One speaker was a surprise. In protest, Bishop John D’Arcy of the Fort Wayne-South Bend Roman Catholic Diocese, had planned to stay away from campus Sunday. But he changed his mind after seeing the “sincerity and dignity” of protesting students at a prayer vigil at the Grotto on Saturday night, he said.

“I found myself saying in recent weeks that this is a sad time, and there are no winners, but I was wrong,” D’Arcy told the crowd. “There are heroes, and all of you here today are heroes, and I am proud to stand with you.”

After the rally, D’Arcy explained to the Tribune why he changed his mind about attending the rally.

“I thought, as a bishop, not to be present ... would not be the proper use of my authority,” D’Arcy said. “Invite him to speak here but don’t honor him. This is about a Catholic university giving an honor to someone who, in his history, has done many things against the unborn child.”

The enthusiastic audience frequently stood, clapping and cheering loudly during the speeches. Some held red balloons bearing the words, “Choose Life.”

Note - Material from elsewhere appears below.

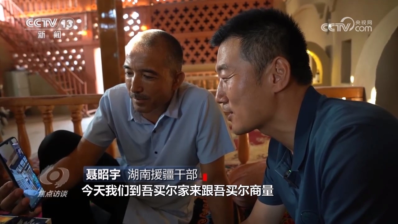 湖南援疆干部聶昭宇:“今天我們到吾買爾家跟吾買爾商量,在他們門前搞一個電商帶貨大比拼,現(xiàn)在這個村每天來了不少人,我們覺得前景挺好?!?/p>

Joanne Brown and Pat See drove six hours from Ohio to attend. Neither has ties to Notre Dame.

“We have 12 children and 30 grandchildren between us, so obviously we feel strongly about the sanctity of life,” Brown said.

See said one of her daughters, Julie, was born 43 years ago with Down syndrome. Julie needed emergency surgery to connect her stomach and intestines, or she would have starved to death, See said. At the time, many parents were choosing not to have the surgery performed, but See said she never gave it a second thought.

“We were very distressed by the fact that Obama was invited and bestowed with this honor,” Brown said. “That basically said they are condoning his feelings. You either follow the teachings of the church or you don’t, and one of the teachings of the church is the sanctity of life.”